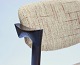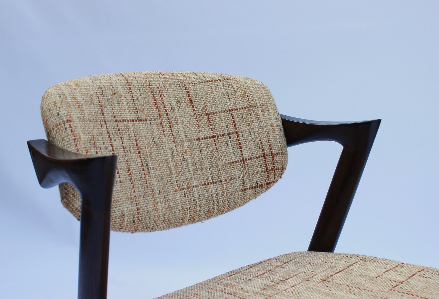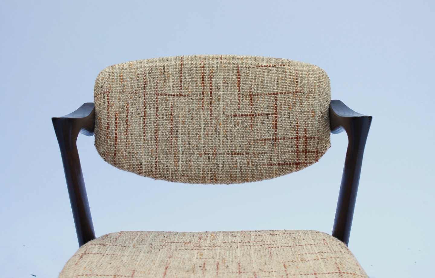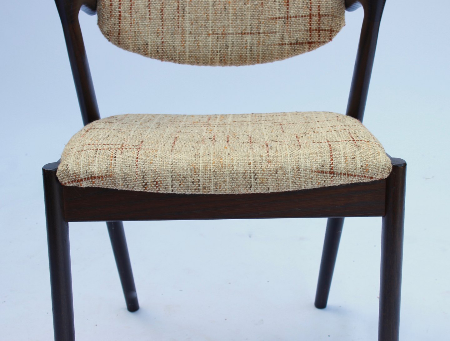 SolgtEt sæt af 6 spisestuestole, model 42, designet af Kai Kristiansen og fremstillet hos Schou Andersen i 1960erne. Stolene er af mørk eg og polstret i lyst uldstof.
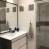 - un bagno con doccia con WC sospeso, unità lavabo, doccia, asciugacapelli
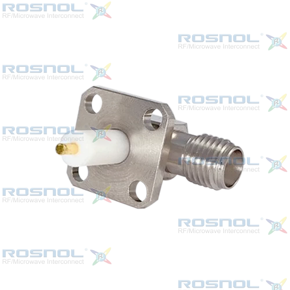 The ROSNOL SMA2GFA59-2340A/9X is a right-angle panel receptacle jack designed for high-frequency RF and microwave systems. It provides 50 Ω impedance and operates from DC to 18 GHz with VSWR ≤ 1.30, ensuring stable signal integrity. The screw-lock coupling mechanism supports ≥500 mating cycles for long-term reliability. Key dimensions include an overall length of 23.4 mm \[.921 in], flange size of 12.7 mm \[.500 in], mounting holes of Ø2.6 mm \[.102 in], and hole spacing of 8.64 mm \[.340 in]. The thread specification is 1/4-36 UNS, and the connector withstands temperatures from -65°C to +165°C.The center contact is beryllium copper with gold plating over a nickel-phosphorus underplate for superior conductivity, while the body is stainless steel with passivated finish for corrosion resistance. The insulator is PTFE, providing excellent dielectric properties. The soldered stub terminal ensures secure electrical connection and mechanical stability under high-frequency conditions.
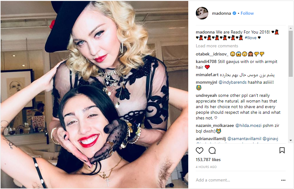 Культовая американская певица Мадонна выложила на своей странице в Instagram фото со своей дочкой. «Мы готовы к 2018 году», - подписала она снимок. Волну обсуждений этот снимок вызвал в связи с тем, что ее дочь демонстрирует на этом снимке небритые подмышки.
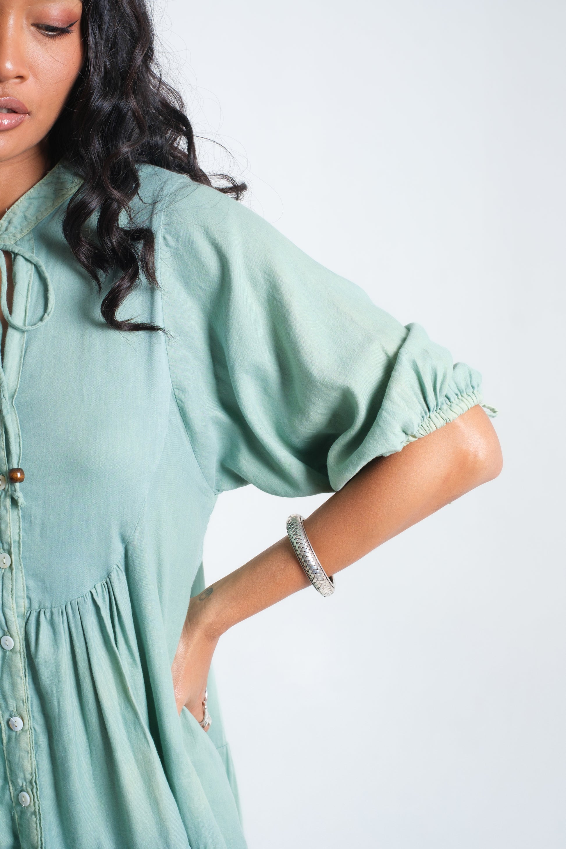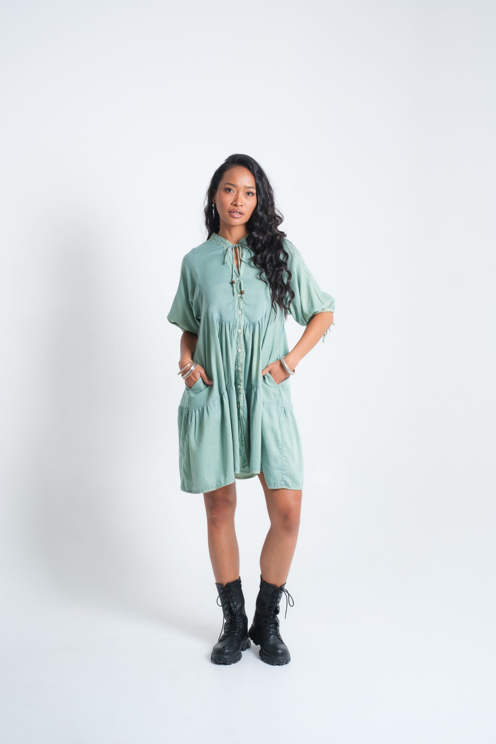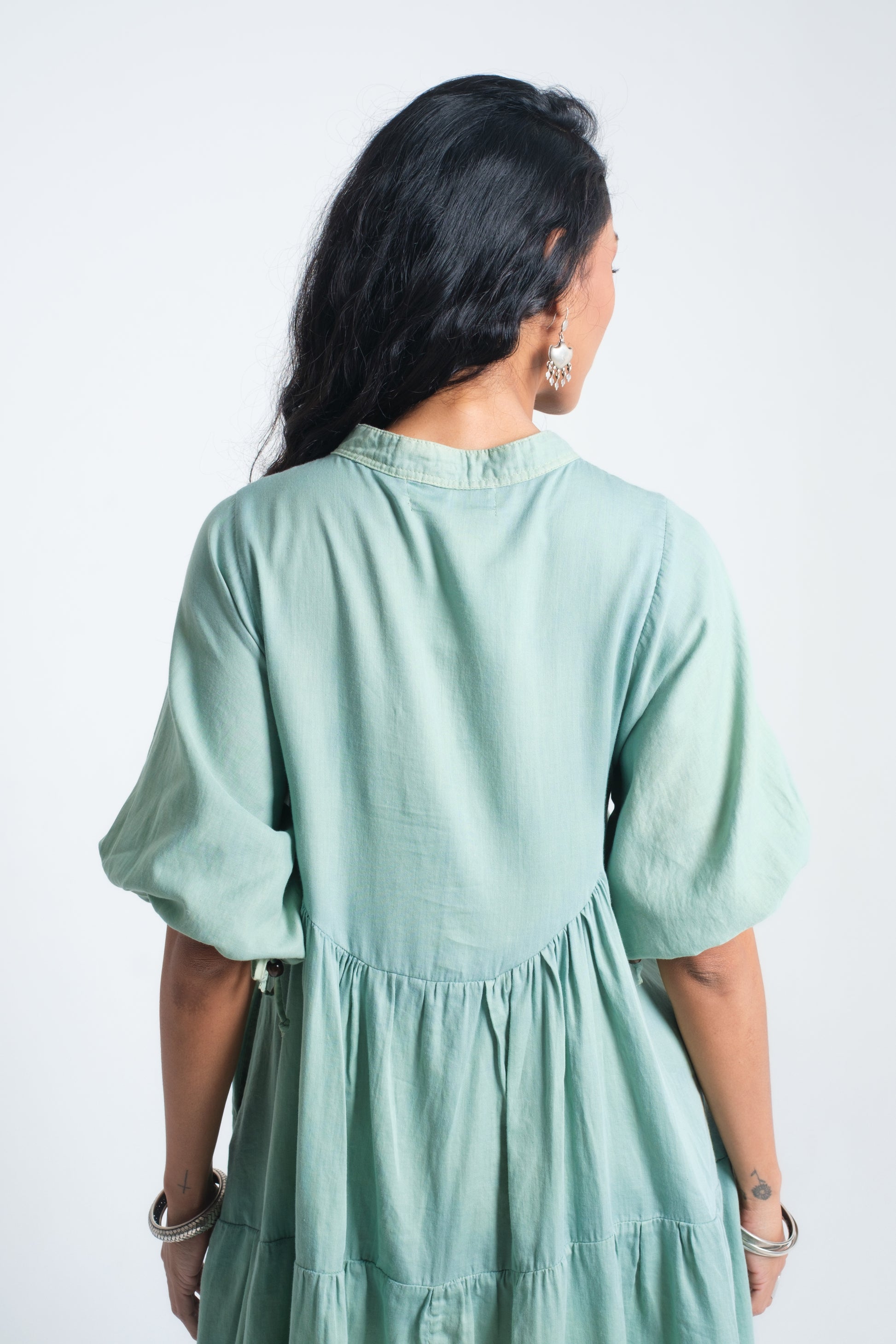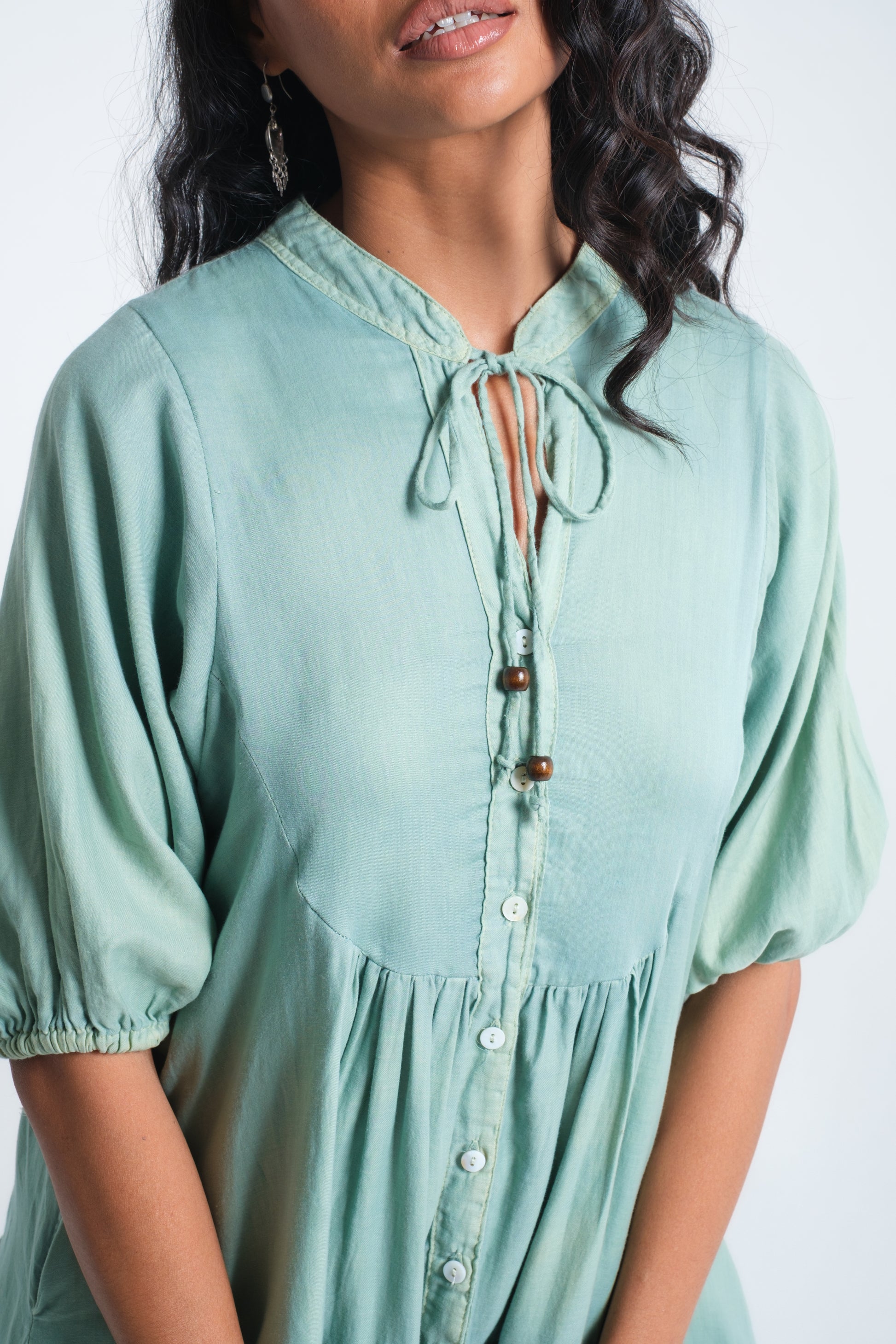 The INDALI Midi Dress is crafted for lightness and ease, with a relaxed tiered silhouette that falls just above the knee. A soft button-down front and drawstring neckline with bead details add versatility and charm, while three-quarter sleeves taper gently for balance. Made from airy organic cotton, it drapes effortlessly and moves with freedom — perfect for warm days, layered looks, or styled with boots for a touch of edge.

Exercise :: Images are to be excluded, and each record above written out word for word.

Output below ::
 SolgtEt sæt af 6 spisestuestole, model 42, designet af Kai Kristiansen og fremstillet hos Schou Andersen i 1960erne. Stolene er af mørk eg og polstret i lyst uldstof.
 - un bagno con doccia con WC sospeso, unità lavabo, doccia, asciugacapelli
 The ROSNOL SMA2GFA59-2340A/9X is a right-angle panel receptacle jack designed for high-frequency RF and microwave systems. It provides 50 Ω impedance and operates from DC to 18 GHz with VSWR ≤ 1.30, ensuring stable signal integrity. The screw-lock coupling mechanism supports ≥500 mating cycles for long-term reliability. Key dimensions include an overall length of 23.4 mm \[.921 in], flange size of 12.7 mm \[.500 in], mounting holes of Ø2.6 mm \[.102 in], and hole spacing of 8.64 mm \[.340 in]. The thread specification is 1/4-36 UNS, and the connector withstands temperatures from -65°C to +165°C.The center contact is beryllium copper with gold plating over a nickel-phosphorus underplate for superior conductivity, while the body is stainless steel with passivated finish for corrosion resistance. The insulator is PTFE, providing excellent dielectric properties. The soldered stub terminal ensures secure electrical connection and mechanical stability under high-frequency conditions.
 Культовая американская певица Мадонна выложила на своей странице в Instagram фото со своей дочкой. «Мы готовы к 2018 году», - подписала она снимок. Волну обсуждений этот снимок вызвал в связи с тем, что ее дочь демонстрирует на этом снимке небритые подмышки.
 The INDALI Midi Dress is crafted for lightness and ease, with a relaxed tiered silhouette that falls just above the knee. A soft button-down front and drawstring neckline with bead details add versatility and charm, while three-quarter sleeves taper gently for balance. Made from airy organic cotton, it drapes effortlessly and moves with freedom — perfect for warm days, layered looks, or styled with boots for a touch of edge.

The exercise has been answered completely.